Ci sono state altre parole durante la cerimonia di Arequipa: il Segretario Generale Iberoamericano, Andrés Allamand, ha elogiato Vargas Llosa. L'accademico Javier Cercas ha tenuto il discorso più letterario della mattinata: umoristico, autoironico, elusivo dei cliché e provocatorio . "I ministeri della cultura, mi perdoni, signor Urtasun , sono secondari, se non addirittura ornamentali", ha detto Cercas al Ministro della Cultura spagnolo. Il colombiano Juan Gabriel Vásquez è sembrato più cupo nella sua descrizione di un mondo che "guarisce o muore" e che dipende dai suoi oratori più esigenti per evitare l'autodistruzione.
E i presentatori della conferenza? Luis García Montero ha pronunciato il classico discorso di Luis García Montero . Ha parlato a due voci insieme a Carmen Noguero Galilea, segretaria generale dell'Università Cervantes, ha recitato parole sulla bontà della lingua comune e sulla conoscenza che crea e, alla fine, ha detto cose etiche come: "I ponti tra Europa e America Latina sono oggi decisivi per proporre un'alternativa alla depravazione". García Montero si è presentato come "un professore che vive senza la frenesia delle bufale", ha usato la parola genocidio (in astratto), ha intervallato citazioni classiche e moderne (da Lorca a Victoria Camps) e ha chiesto di impedire che le lingue diventino "la lingua dei simili ".
Anche Santiago Muñoz Machado tenne il suo discorso classico: un saggio accademico sui primi scrittori che potevano essere definiti meticci nelle Americhe dopo la conquista: cronisti delle Indie, meticci e sacerdoti che garantirono che la cultura Inca non scomparisse.

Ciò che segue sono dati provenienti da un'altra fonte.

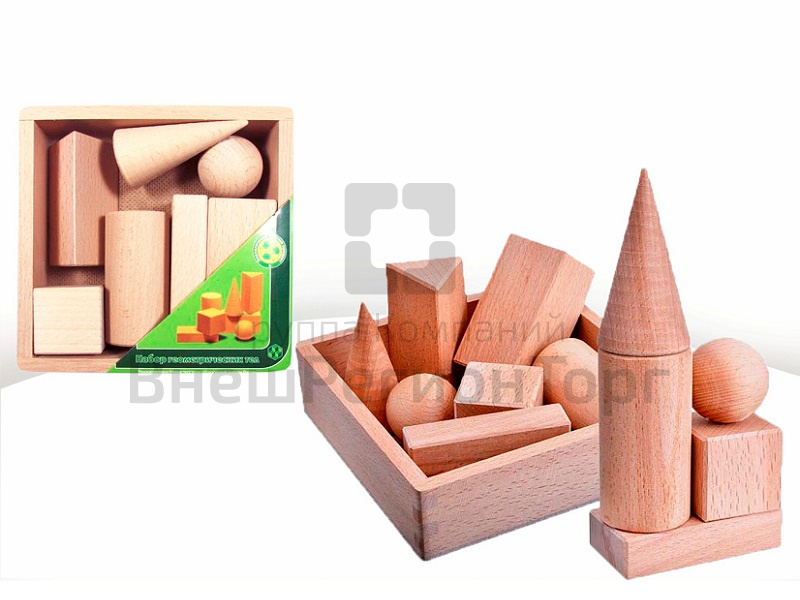 Комплектация: 7 элементов (куб, шар, конус, цилиндр, призмы квадратная, треугольная, прямоугольная).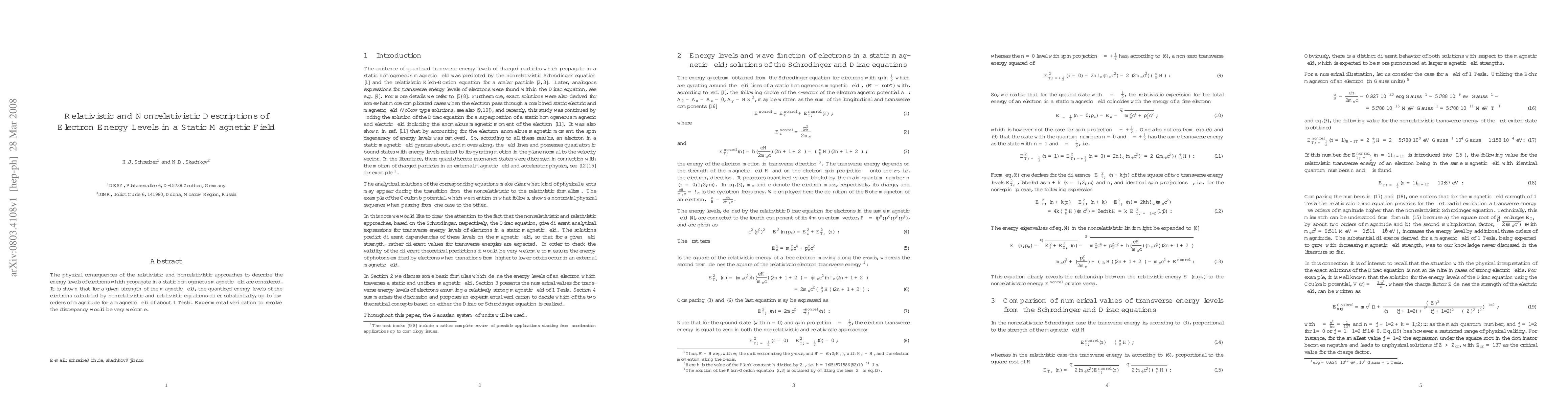 The physical consequences of the relativistic and nonrelativistic approaches to describe the energy levels of electrons which propagate in a static homogeneous magnetic field are considered. It is shown that for a given strength of the magnetic field, the quantized energy levels of the electrons calculated by nonrelativistic and relativistic equations differ substantially, up to few orders of magnitude for a magnetic field of about 1 Tesla. Experimental verification to resolve the discrepancy would be very welcome.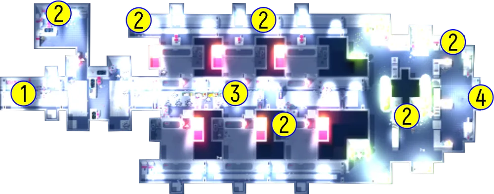 1 – начало миссии. 2 – контейнер. 3 – центральный коридор. 4 – переход в убежище.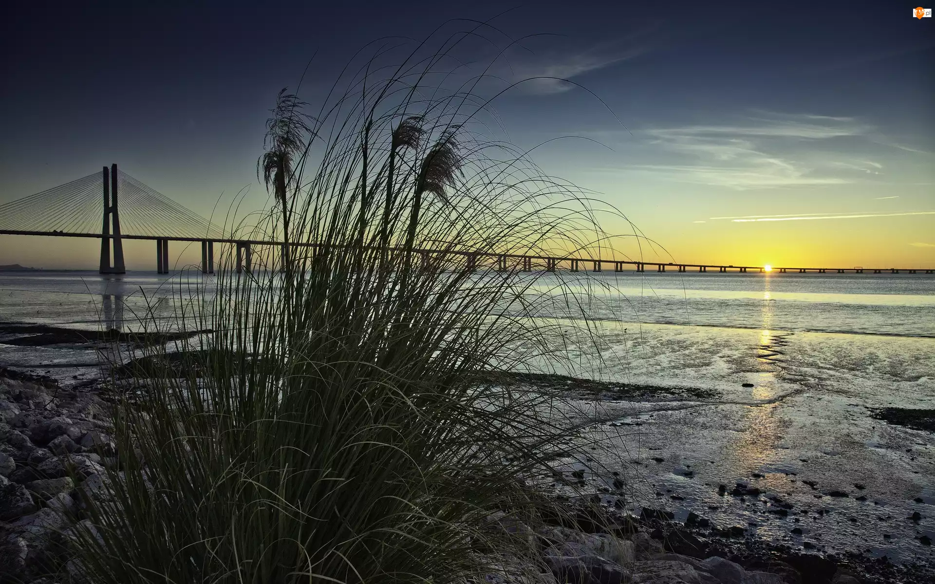 Trawy, Zachód, Rzeka, Słońca, Most, Kamienie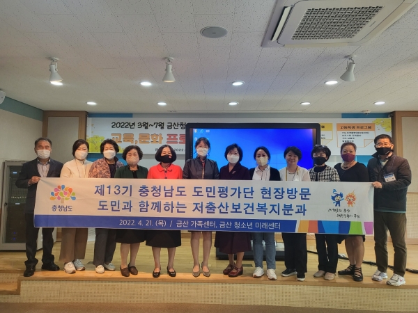 [세종타임즈] 충남도는 제13기 도민평가단 ‘저출산보건분과’ 위원들이 금산군에 위치한 가족센터와 청소년 미래센터를 방문해 현장평가를 실시했다고 21일 밝혔다.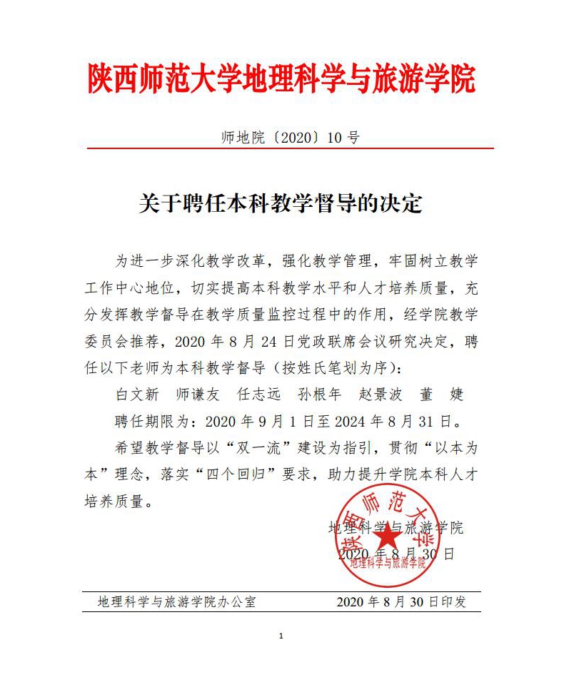 关于聘任本科教学督导的决定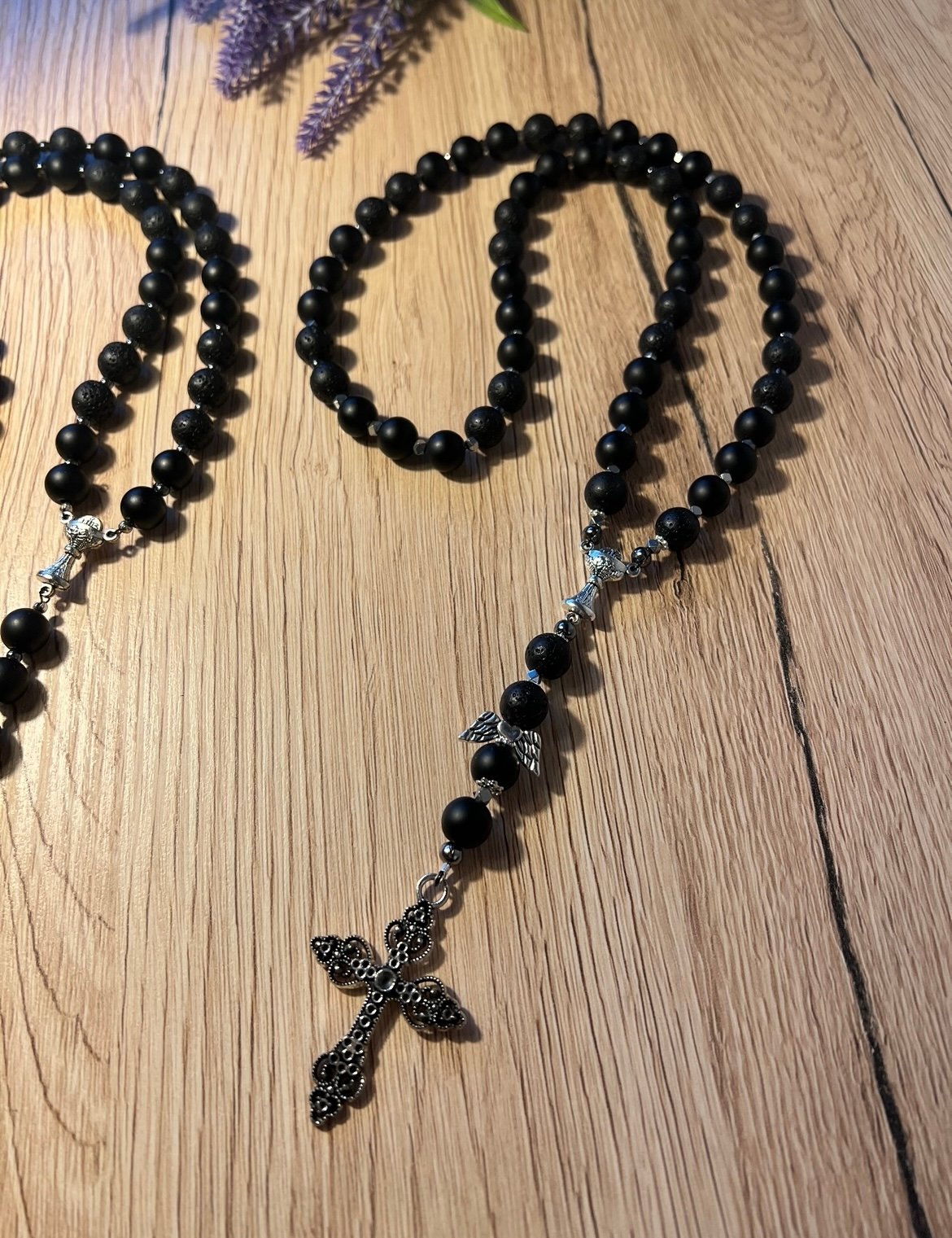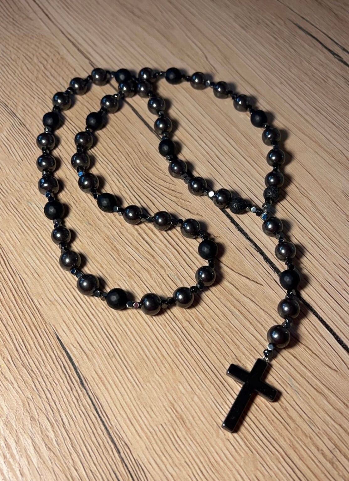 Vyriškas rožančius iš lavos ir šungito karoliukų su hematito kryželiu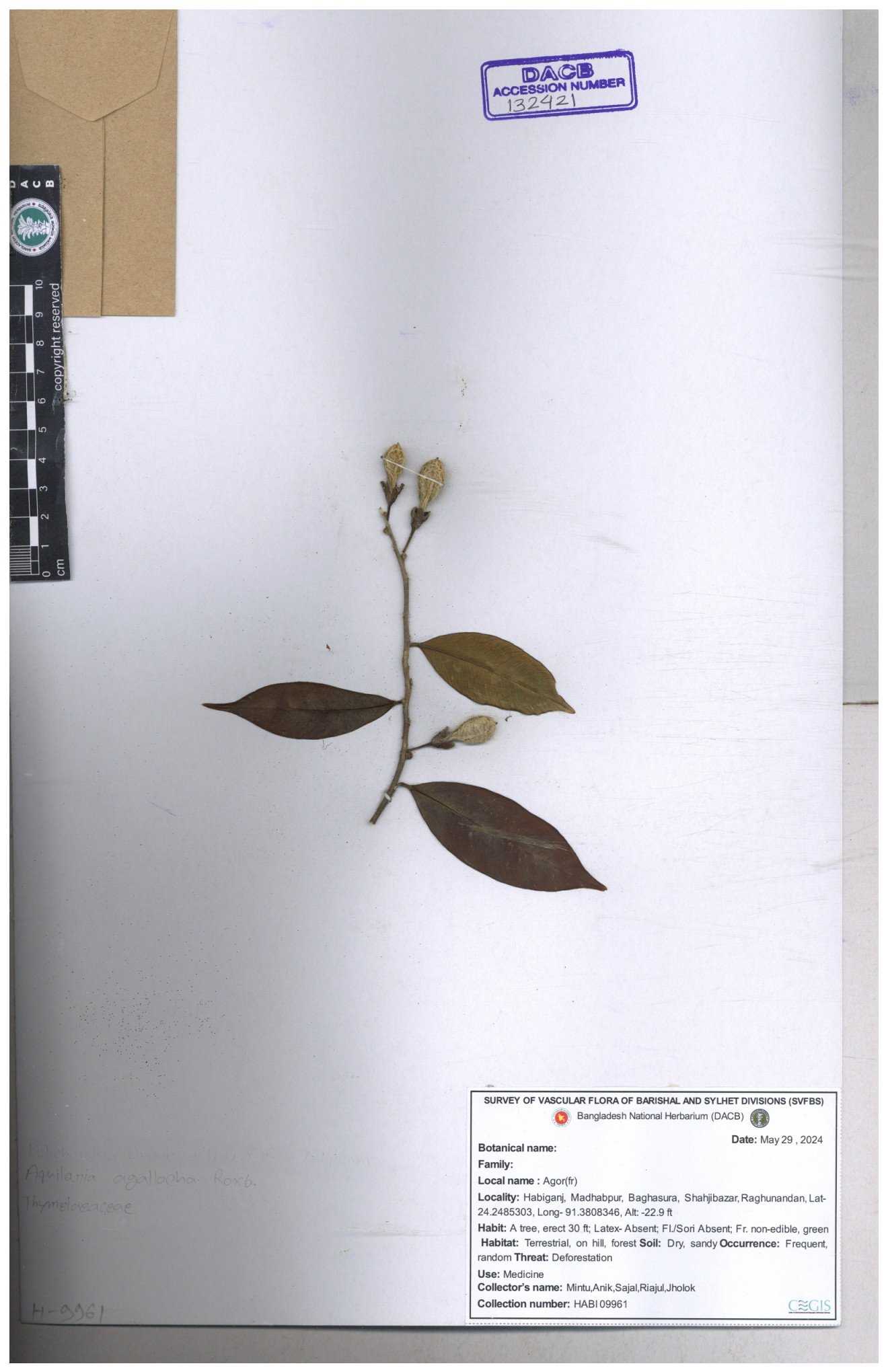 | 132421 | Thymelaeaceae | Aquilaria agallocha | 30-11--0001 |

Non una sola parola sui tempi difficili.
Don Felipe ha concluso l'evento con parole di riconciliazione: " Continuiamo a fare della nostra lingua uno strumento di progresso , di comprensione, di prosperità condivisa. Che sappiamo e desideriamo orientare i nostri sforzi verso questo fine". Un coro cantava in quechua e ha concluso l'evento.